Connection timeout wrongly applied to non-preferred hosts
Describe the bug (Related to the testing I mentioned #2171 but this appears to be a straightforward bug.)
When connecting with a target_session_attrs preference that cannot be satisfied and the final host times out, the connection to the non-preferred host is not attempted and falsely times out.
To Reproduce
- Create a connection string with two hosts and a preference for the second; e.g. a primary and standby with
target_session_attrs=prefer-standby - Block network traffic from the client to the standby.
- Configure a connection timeout for e.g. 1 second.
- Execute a query.
Expected behavior After 1 second the connection to the standby times out, the primary is chosen instead, and the query executes.
Actual behavior After 1 second the query returns a timeout.
Version
- go version go1.23.2 linux/amd64
- PostgreSQL: PostgreSQL 14.13 (Ubuntu 14.13-1.pgdg22.04+1) on aarch64-unknown-linux-gnu, compiled by gcc (Ubuntu 11.4.0-1ubuntu1~22.04) 11.4.0, 64-bit
- pgx: v5.7.1
Additional context
From my understanding of the code, connectPreferred resets the timeout for each new host as it iterates the possible targets.

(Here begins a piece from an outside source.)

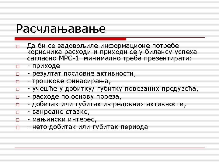 Rashodi Prihodi 1. Tekući troškovi po vrstama 1. Korekcija vrednosti zaliha 1. 1. Troškovi amortizacije nedovršene proizvodnje i 1. 2. Troškovi materijala gotovih proizvoda na kraju 1. 3. Troškovi zarada perioda: 1. 4. Troškovi proizvodnih a) povećanje (+) b) smanjenje (-) usluga 1. 5. Troškovi neproizvodnih usluga 2. Nabavna vrednost prodate 2. Prihodi od prodaje gotovih robe i materijala proizvoda, usluga, robe i materijala. 3. Finansijski rashodi 3. Finansijski prihodi 4. Vanredni rashodi 4 Vanredni prihodi 5. Dobitak 5. Gubitak

However, once it's decided to fall back to fallbackConnectOneConfig, it reuses whatever the last ctx it had from the initial pass was. If this had timed out, the new connection will start in a timed-out state. It should instead probably iterate the entire list again with fresh contexts based on octx. Or, as an optimization, the first non-preferred connection could be returned rather than the config and returned directly if no other preferred one is found / closed if a preferred one is found.
We had the same bug now, we use prefer-standby with a list of hosts too. @jackc would you be open for MR fixing this?
@LKaemmerling Yes, if it can be cleanly resolved I'm interested. However, there might be a bit of a mismatch between how pgx uses fallback configs and ideal connect_timeout and target_session_attrs behavior. So it might not be very easy.